* [GIVEN MATERIAL]
□ □ □ □ □ □ □
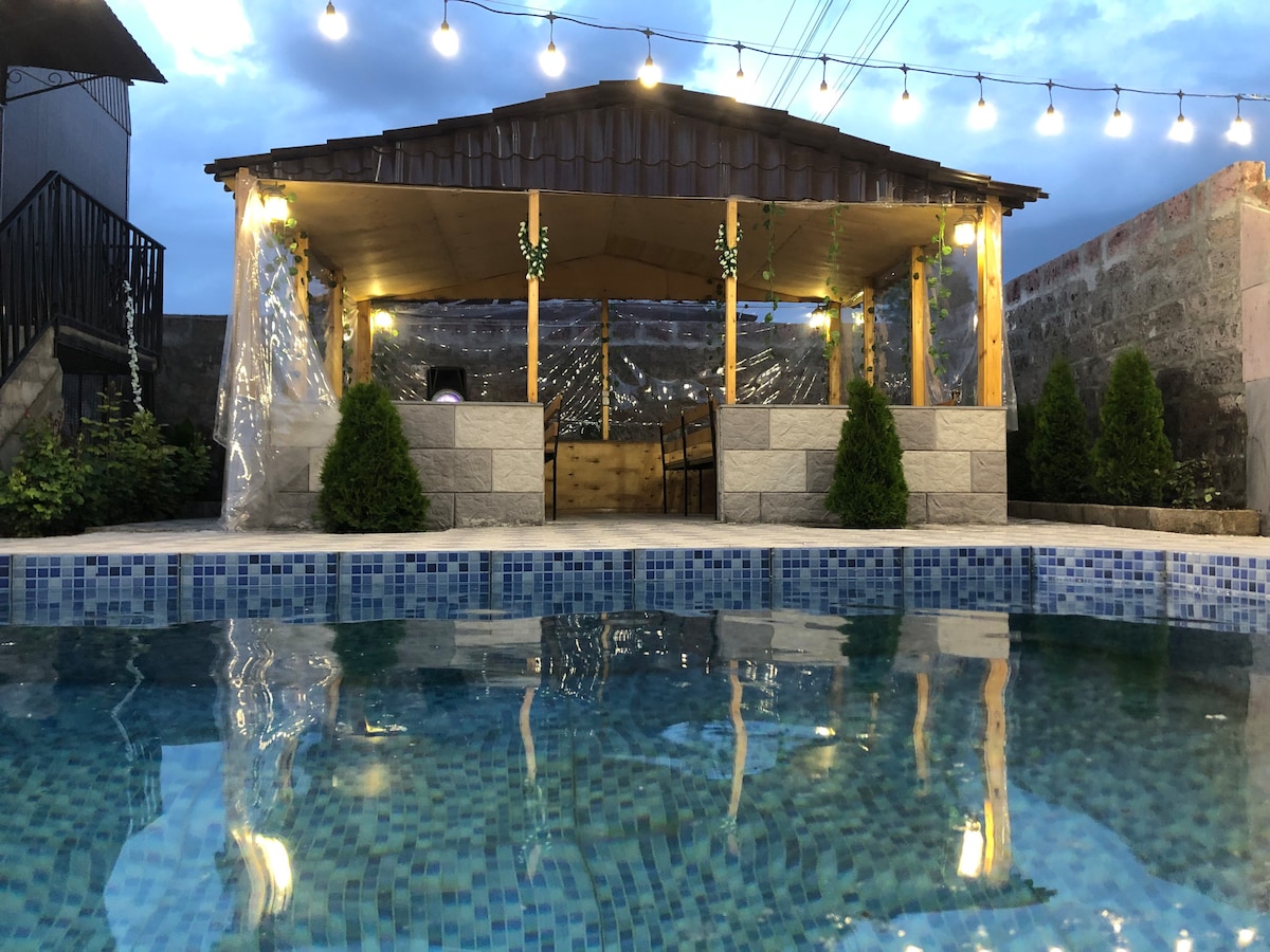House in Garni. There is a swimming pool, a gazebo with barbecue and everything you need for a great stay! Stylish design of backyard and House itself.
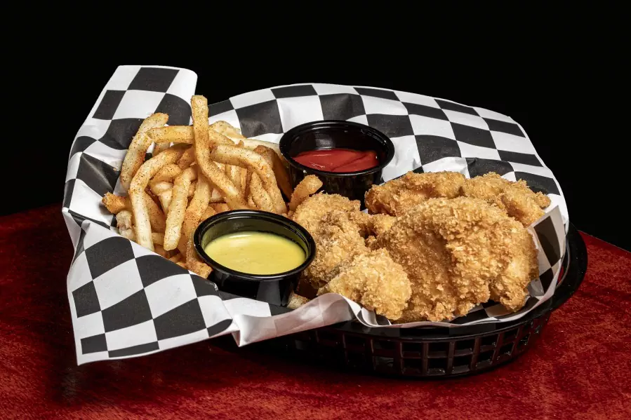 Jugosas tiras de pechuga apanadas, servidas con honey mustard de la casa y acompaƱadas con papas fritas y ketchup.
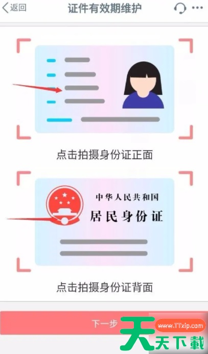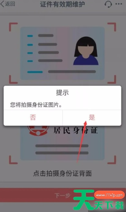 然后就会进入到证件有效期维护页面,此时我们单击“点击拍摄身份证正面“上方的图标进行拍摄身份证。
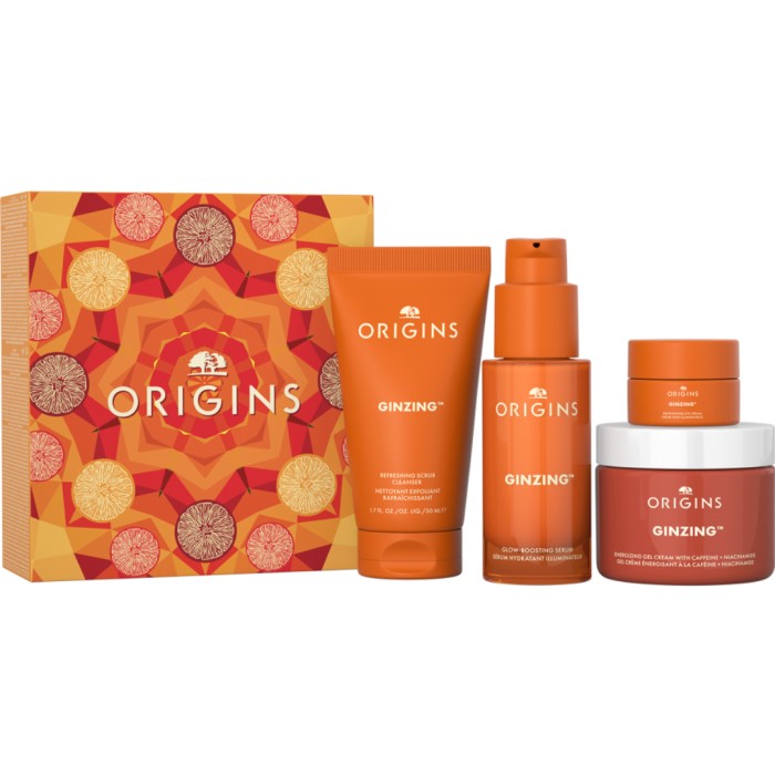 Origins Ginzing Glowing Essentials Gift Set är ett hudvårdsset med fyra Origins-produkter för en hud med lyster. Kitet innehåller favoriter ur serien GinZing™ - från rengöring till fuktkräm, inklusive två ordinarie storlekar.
□ □ □ □ □ □ □
* [TASK DIRECTIONS]
From the line that contains "然后就会进入到证件有效期维护" to the final line of the material, write out each line exactly. Pictures stay out.

* [FINISHED EXERCISE]
 然后就会进入到证件有效期维护页面,此时我们单击“点击拍摄身份证正面“上方的图标进行拍摄身份证。
 Origins Ginzing Glowing Essentials Gift Set är ett hudvårdsset med fyra Origins-produkter för en hud med lyster. Kitet innehåller favoriter ur serien GinZing™ - från rengöring till fuktkräm, inklusive två ordinarie storlekar.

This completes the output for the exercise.